**INPUT RECORDS:**
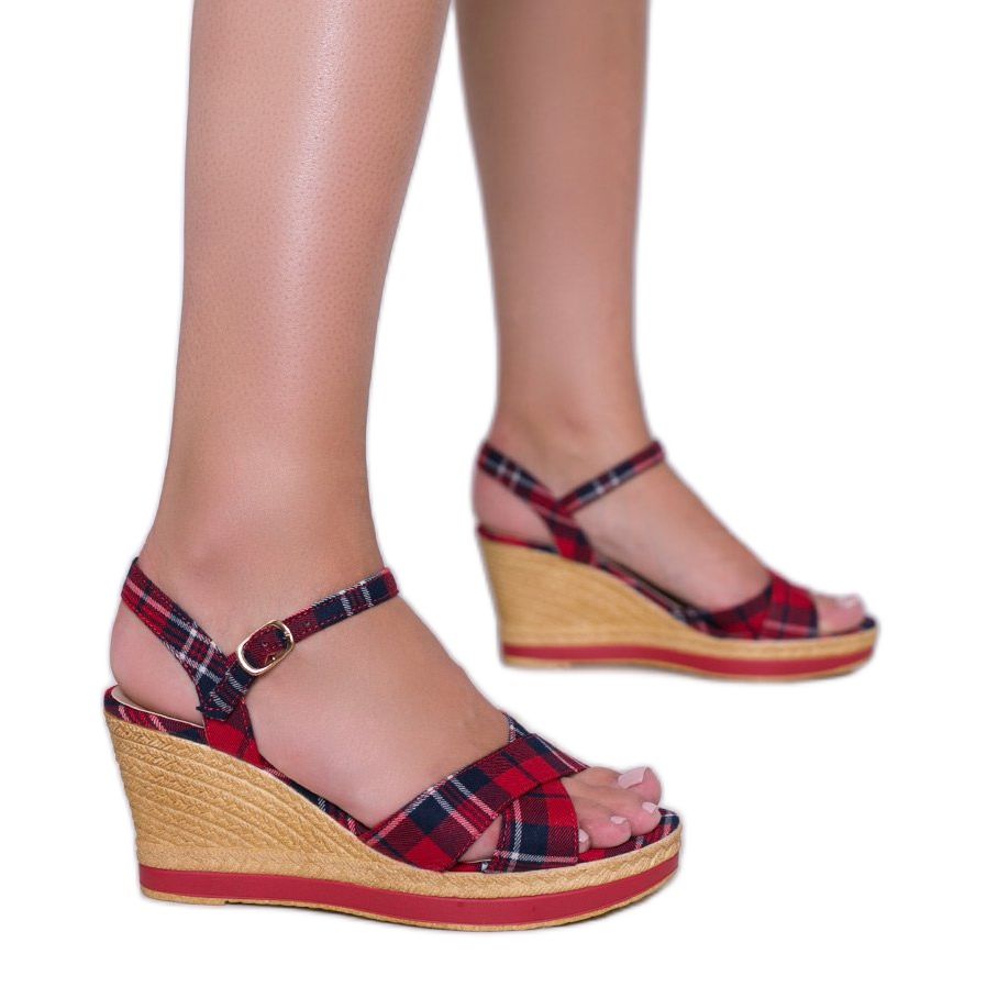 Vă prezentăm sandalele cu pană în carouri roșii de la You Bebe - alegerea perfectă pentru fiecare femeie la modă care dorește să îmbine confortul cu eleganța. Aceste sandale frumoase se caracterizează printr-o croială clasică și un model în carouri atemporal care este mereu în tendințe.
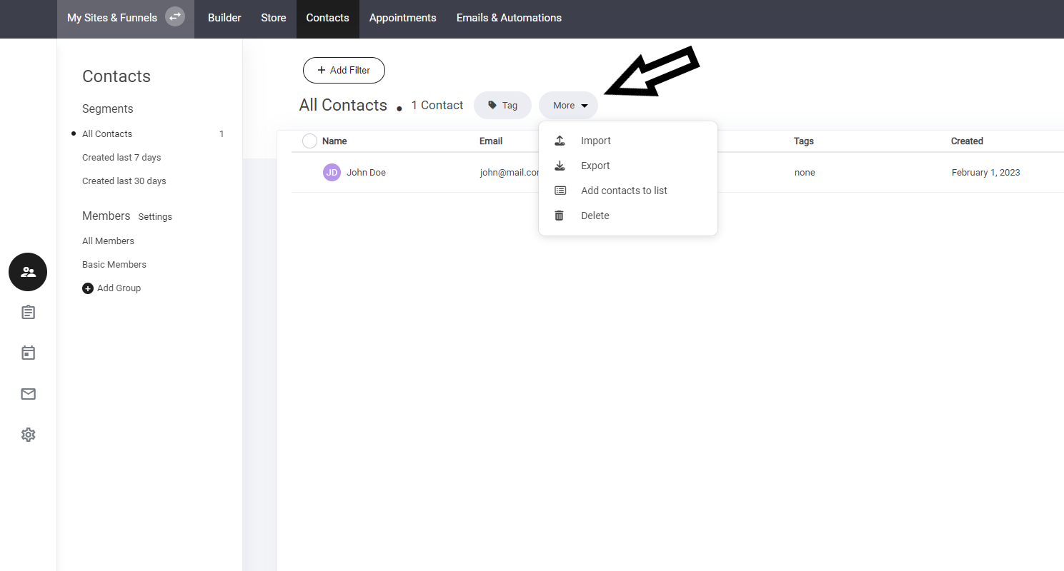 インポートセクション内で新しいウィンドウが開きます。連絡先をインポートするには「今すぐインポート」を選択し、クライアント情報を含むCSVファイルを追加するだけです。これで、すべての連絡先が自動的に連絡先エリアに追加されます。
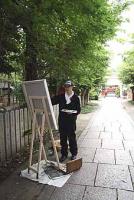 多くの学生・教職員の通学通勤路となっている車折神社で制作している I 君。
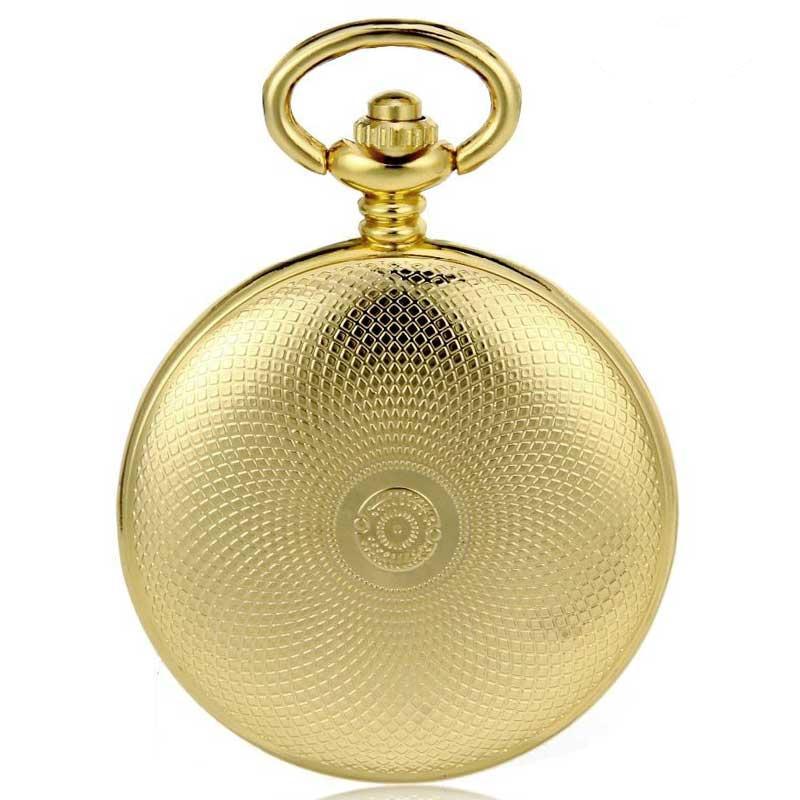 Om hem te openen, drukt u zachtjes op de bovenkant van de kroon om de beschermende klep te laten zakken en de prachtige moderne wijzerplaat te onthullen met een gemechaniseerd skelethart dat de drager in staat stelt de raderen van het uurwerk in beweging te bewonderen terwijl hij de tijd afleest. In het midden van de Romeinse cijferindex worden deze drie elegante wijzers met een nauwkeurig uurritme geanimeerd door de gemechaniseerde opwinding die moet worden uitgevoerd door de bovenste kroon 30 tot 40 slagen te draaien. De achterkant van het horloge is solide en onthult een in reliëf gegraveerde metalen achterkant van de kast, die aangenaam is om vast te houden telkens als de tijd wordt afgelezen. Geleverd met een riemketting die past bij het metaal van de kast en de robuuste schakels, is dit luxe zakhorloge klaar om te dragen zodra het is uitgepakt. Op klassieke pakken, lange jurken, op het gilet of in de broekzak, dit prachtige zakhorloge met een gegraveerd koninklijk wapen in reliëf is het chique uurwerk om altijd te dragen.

* * *

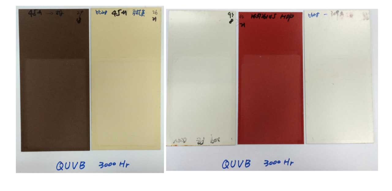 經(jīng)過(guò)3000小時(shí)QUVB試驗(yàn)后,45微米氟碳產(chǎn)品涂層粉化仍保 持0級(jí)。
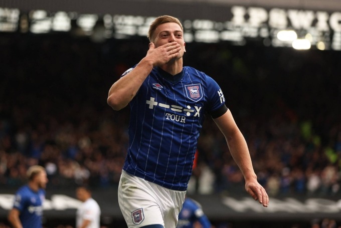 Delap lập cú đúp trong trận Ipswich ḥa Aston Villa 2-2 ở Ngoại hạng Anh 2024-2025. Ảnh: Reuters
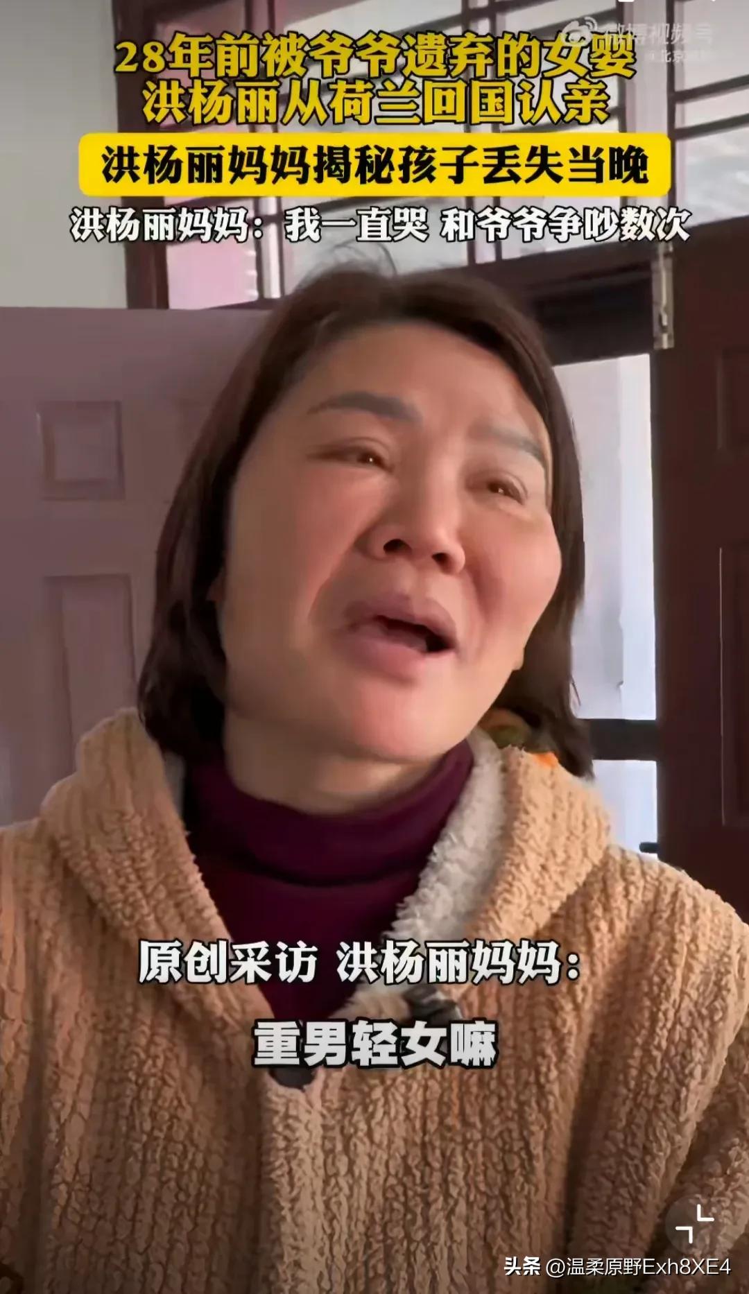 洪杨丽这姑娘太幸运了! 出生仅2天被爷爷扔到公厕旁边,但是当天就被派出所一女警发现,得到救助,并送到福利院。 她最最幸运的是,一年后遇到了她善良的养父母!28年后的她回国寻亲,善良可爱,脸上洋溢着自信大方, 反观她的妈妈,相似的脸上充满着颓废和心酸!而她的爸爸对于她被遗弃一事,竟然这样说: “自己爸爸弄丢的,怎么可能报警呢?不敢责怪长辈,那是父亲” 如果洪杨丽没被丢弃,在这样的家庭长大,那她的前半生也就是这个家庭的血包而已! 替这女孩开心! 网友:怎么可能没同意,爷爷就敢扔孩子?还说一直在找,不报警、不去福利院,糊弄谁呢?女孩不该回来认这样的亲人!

--

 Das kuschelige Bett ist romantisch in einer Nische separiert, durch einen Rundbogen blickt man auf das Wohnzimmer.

**TASK ITEM:**
Produce an exact reproduction of the listing above, limited to the lines starting at the line with "Vă prezentăm sandalele" and ending at the line with "多くの学生・教職員の通学通勤路となっている車折神社で制作している I 君。", both kept, with every picture left out.

**YOUR RESPONSE:**
 Vă prezentăm sandalele cu pană în carouri roșii de la You Bebe - alegerea perfectă pentru fiecare femeie la modă care dorește să îmbine confortul cu eleganța. Aceste sandale frumoase se caracterizează printr-o croială clasică și un model în carouri atemporal care este mereu în tendințe.
 インポートセクション内で新しいウィンドウが開きます。連絡先をインポートするには「今すぐインポート」を選択し、クライアント情報を含むCSVファイルを追加するだけです。これで、すべての連絡先が自動的に連絡先エリアに追加されます。
 多くの学生・教職員の通学通勤路となっている車折神社で制作している I 君。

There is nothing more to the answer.